Hij legde twee rollen geld op een tafeltje, dat in een hoek stond en ging weer haastig voor zijn lezenaar zitten; met koortsachtige gejaagdheid, den strakken blik op Gerhardt gevestigd, schoof hij het ontvangbewijs onder een der boeken en schreef daarna een nieuw.

‘Het is in orde, mijnheer Muller; ik blijf u ten hoogste dankbaar.’

‘En hier is uw ontvangbewijs, beste Gerhardt, doch nu... gij kent onzen regel en zult mij wel willen verontschuldigen...’

‘Geneer u niet, mijnheer Muller.’ De oude man stak het bewijs bij zich. ‘Vaarwel, nogmaals mijn hartelijken dank!’

Op zijn stok geleund, verwijderde zich Gerhardt zoo vlug als zijne gebrekkigheid het toeliet. Hij wilde zich haasten zijn vriend, den majoor, goede tijding te brengen.

 

‘Lichtman, Lichtman!’

De stem van den bankier, die zich door de geopende deur van het kabinet deed hooren, klonk zoo heesch, zoo zonderling dat het personeel elkander bevreemd aanzag, maar door den strengen blik, dien de getrouwe boekhouder om zich heen wierp, vestigden zij dadelijk weer de oogen op hun werk.

‘Mijnheer Muller!’

Het aangezicht van den bankier was vuurrood, zijne wangen gloeiden als in koortshitte en zijne anders zoo zachte oogen vonkelden in onnatuurlijken glans.

‘Om Godswil, mijnheer Muller, wat is er gaande?’

‘Goed nieuws, mijn vriend, goed nieuws! God heeft uitkomst gezonden! Uwe verwachting bedroog u niet - zie dit lot, niemand anders heeft er aanspraak op en vergelijk nu de lijst. - Mijn kind, mijne Cato zal geen vernedering behoeven te lijden, het huis Muller staat weldra weer vaster dan ooit.’

De boekhouder vergeleek zorgvuldig het lot met de lijst. ‘God zij geloofd,’ sprak hij vroom; ‘aan Hem de eer! Lang leve het huis Muller!’

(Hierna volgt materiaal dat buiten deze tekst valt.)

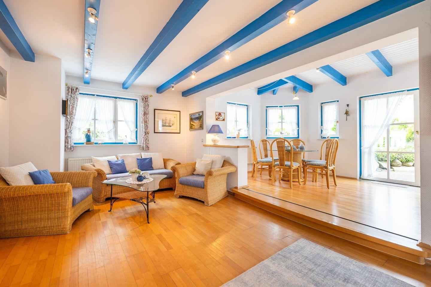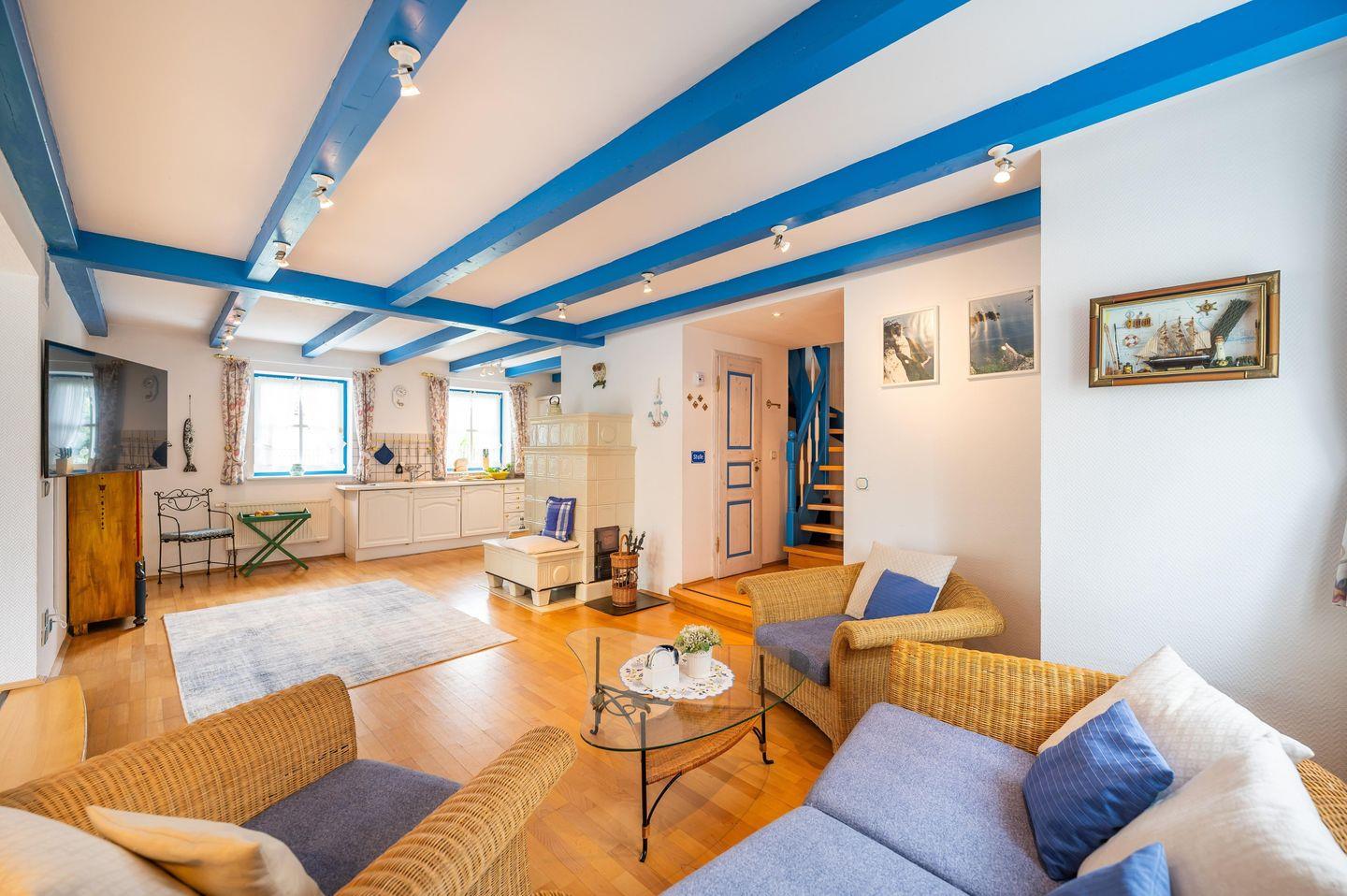 Genießen Sie auf 100 m² historischen Charme und modernen Komfort – ideal für bis zu 5 Personen. Das frisch renovierte Kapitänshaus bietet 3 Schlafzimmer, 2 Bäder, einen lichtdurchfluteten Wohnbereich mit Wintergarten und Kachelofen sowie eine voll ausgestattete Küche. Die Terrasse mit Strandkorb und ein idyllischer Garten laden zum Entspannen ein. Nur 2 km vom Sandstrand entfernt und unmittelbar am Breeger Hafen gelegen, ist es der perfekte Ausgangspunkt für Erholung, Wassersport und Homeoffice.
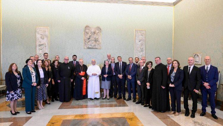 अपने संबोधन में, पोप ने कहा कि उनकी रोम यात्रा ऐसे समय में हो रही है जब "ख्रीस्तियों सहित विभिन्न विश्वास रखने वालों के विरुद्ध" शत्रुता और हिंसा बढ़ रही है। इसके विपरीत, आपका मिशन यह घोषणा करता है कि, मसीह में एक परिवार के रूप में, हम अपने सताए गए भाइयों और बहनों का परित्याग नहीं करते। बल्कि, हम उन्हें याद करते हैं, उनके साथ खड़े होते हैं, और उनकी ईश्वर प्रदत्त स्वतंत्रताओं को सुरक्षित करने के लिए प्रयास करते हैं।” पोप ने कहा कि कुरिंथियों को लिखे पत्र में संत पौलुस हमें याद दिलाते हैं कि "यदि एक सदस्य दुःख उठाता है, तो सब मिलकर दुःख उठाते हैं।" ये शब्द आज हमारे हृदय में गूंजते हैं, क्योंकि मसीह के शरीर के किसी भी सदस्य का दुःख पूरी कलीसिया द्वारा साझा किया जाता है।
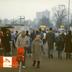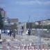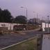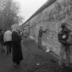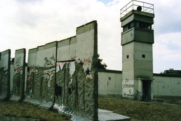 Besprühter Wachtturm im teilweise geräumten Grenzstreifen
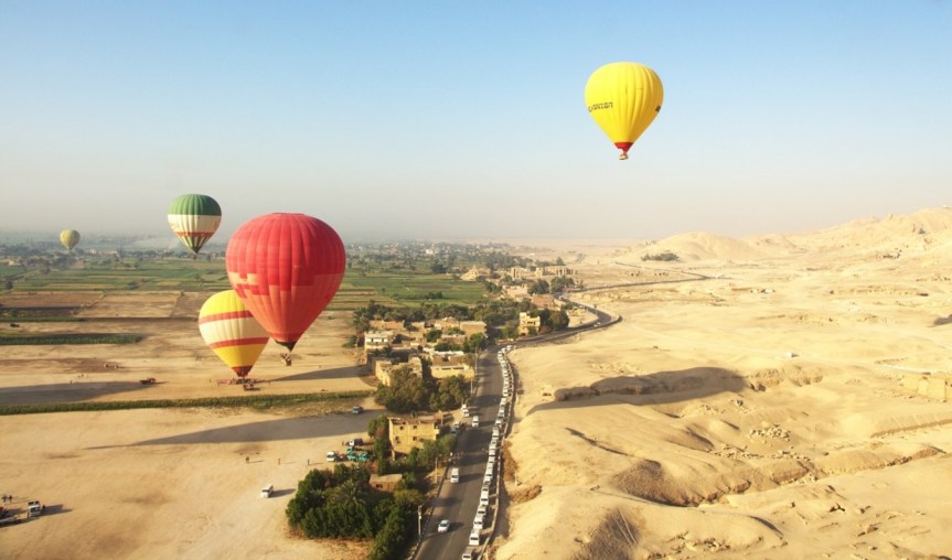 Pasamos una noche deliciosa en la cubierta del Barco sobre el Rio Nilo, el siguiente día sería muy largo, pues estaba en el programa disfrutar el amanecer en Luxor volando en un globo aeroestático, son muchísimos globos, diría que eran cerca de 100, es un paseo turístico obligado, pues es maravilloso, cuando los primeros tonos anaranjados y azules comenzaron a iluminar las montañas de la antigua Tebas, iniciábamos nuestro paseo en globo sobre Luxor, es un vuelo delicioso y tranquilo de aprox. 1 hora por la orilla occidental del río Nilo, impulsados por un viento fresco pero ligero, divisábamos desde una posición privilegiada los templos funerarios de Hatshepsut, el Ramesseum o Medinet Habu y, las tumbas que agujerean el conocido Valle de los Reyes, entre otros muchos sitios arqueológicos.

‘Gij moet bij mij blijven, Lichtman,’ hernam de bankier, ‘ik wil niet alleen zijn; met ons beiden zullen wij het noodigste nog heden afdoen, ik zal slechts even mijne vrouw de blijde tijding gaan boodschappen; binnen tien minuten ben ik weer bij u.’

IV.

Een uur later was de kantoortijd afgeloopen. De jongelieden hadden zich verwijderd en buiten den boekhouder, die in het kantoor van zijn chef arbeidde, was slechts de loopknecht aanwezig, die de zooeven verlaten lokalen schoon maakte.

Verwonderd keek de man op, daar niettegenstaande het ongewone uur de deur van den hoofdingang openging en de oude Gerhardt, in zichtbare opgewondenheid, ten tweeden male verscheen.

‘Is mijnheer Muller nog aanwezig?’ vraagde hij haastig.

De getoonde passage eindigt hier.